Want to donate to the VEC? Click HERE. According to a list of donors and donations, the campaign has raised at least $1.8 million.
The 22-acre Lakeshore State Park island sits just across from Henry Maier Festival Park. It was built from Deep Tunnel landfill in 1991, and a visitor center was part of the original vision.
• Remember that plan to build a giant data center on the site of a former Walmart at 5825 W. Hope Ave.? Well, it turns out that everyone is saying it isn’t really a data center, that it’s just one use of a multi-use redevelopment plan, and that the thing (whatever it is) would only take up 10,000 to 19,000 square feet of the 160,000-square-foot site. (That’s not quite as “giant” as, say, the 2.5 million-square-foot data center campus coming to Port Washington.) Nonetheless, the City Plan Commission recently removed discussion of the Walmart “data center” from its May 18 agenda, and is looking into the issue further.

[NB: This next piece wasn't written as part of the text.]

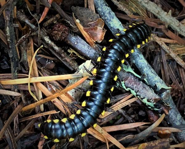 The forest floor is home to some wondrous animals, such as the tiny but potentially toxic yellow-spotted millipede, so keep your distance. This abundant critter eats up to fifty percent of the dead leaves and conifer needles littering the ground, making it vitally important to the forest ecosystem.

Oh, and here’s the a proposed floor plan, which shows how the “potential data processing/computer services/computer research facility” measures up to the other proposed uses for the mixed-use building, including a self-service storage facility and a new Capitol branch of the Milwaukee Public Library. [Milwaukee Neighborhood News Service]

Offsite links to more new and wonderful things…
• “Alderwoman delays Bay View apartment review due to neighbor concerns.” [Milwaukee Journal Sentinel]
• “Amazon plans second rapid fulfillment facility in Milwaukee.” [BizTimes]
• “Historic Milwaukee factory transforms into apartments.” [Milwaukee Journal Sentinel]
• “Historic Mayer Building in Third Ward eyes residential expansion.” [Milwaukee Business Journal]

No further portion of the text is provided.